=== EXERCISE GOAL ===
Write back, word for word, the lines from the one containing "বিপ্লব চৌধুরী, স্টাফ" to the end of the listing below. Include nothing else, and no pictures.

=== SOURCE MATERIAL ===
•••••
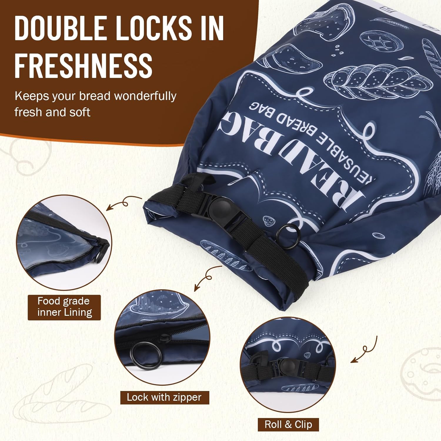 - KEEP BREAD FRESHER by DUBLE LOCK: It is a bag with the lining of Food Grade. Unlike other bags, use double lock. Use the first lock with a zipper and the second lock with a buckle to keep the bread fresher.
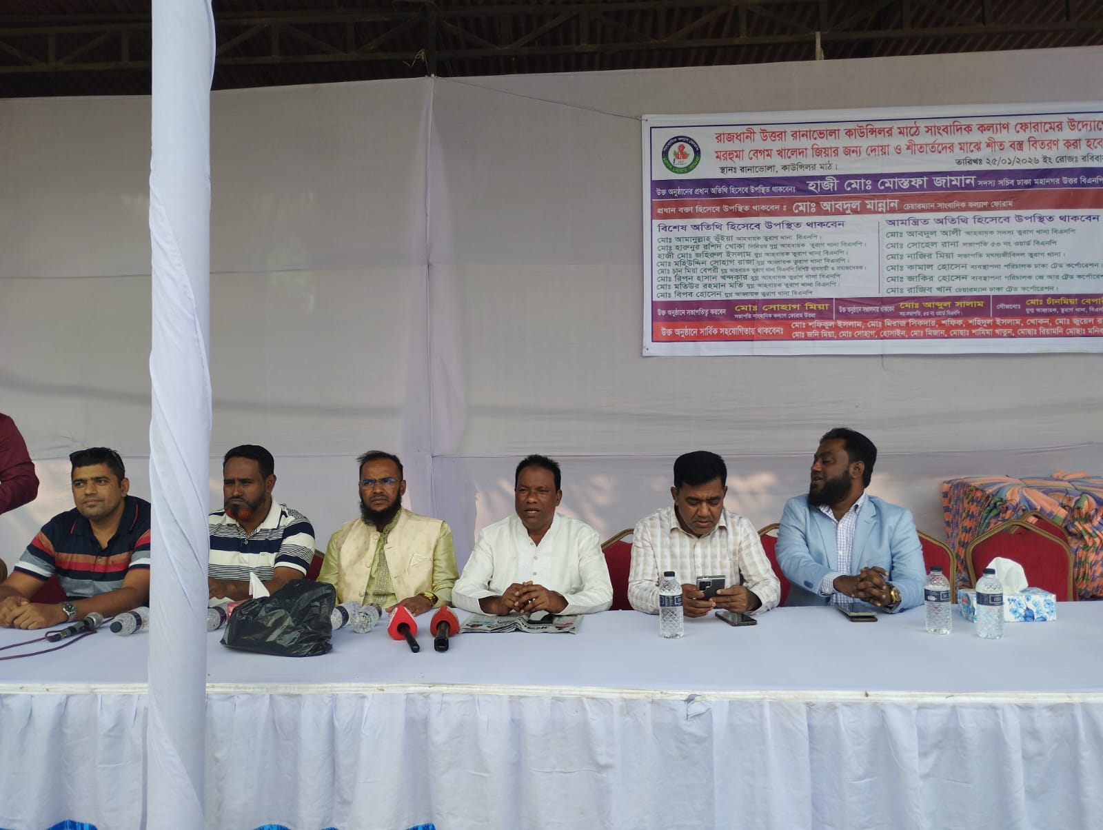 বিপ্লব চৌধুরী, স্টাফ রিপোর্টার: রাজধানীর উত্তরার রানা ভোলায় মেম্বার মাঠে সাংবাদিক কল্যাণ ফোরামের উদ্যোগে মরহুমা বেগম খালেদা জিয়ার রুহের মাগফিরাত কামনায় দোয়া মাহফিল ও শীতার্ত মানুষের মাঝে কম্বল বিতরণ করা হয়েছে।
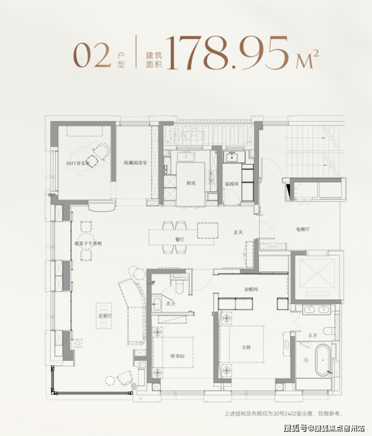 以建面约179㎡的边套为例,并未将北房间局限为常规卧室,而是灵活打造为HIFI音乐室与收藏阅读室,既可作为业主的灵感工作室,也能成为孩子的兴趣天地;
•••••
=== RESPONSE BELOW ===
 বিপ্লব চৌধুরী, স্টাফ রিপোর্টার: রাজধানীর উত্তরার রানা ভোলায় মেম্বার মাঠে সাংবাদিক কল্যাণ ফোরামের উদ্যোগে মরহুমা বেগম খালেদা জিয়ার রুহের মাগফিরাত কামনায় দোয়া মাহফিল ও শীতার্ত মানুষের মাঝে কম্বল বিতরণ করা হয়েছে।
 以建面约179㎡的边套为例,并未将北房间局限为常规卧室,而是灵活打造为HIFI音乐室与收藏阅读室,既可作为业主的灵感工作室,也能成为孩子的兴趣天地;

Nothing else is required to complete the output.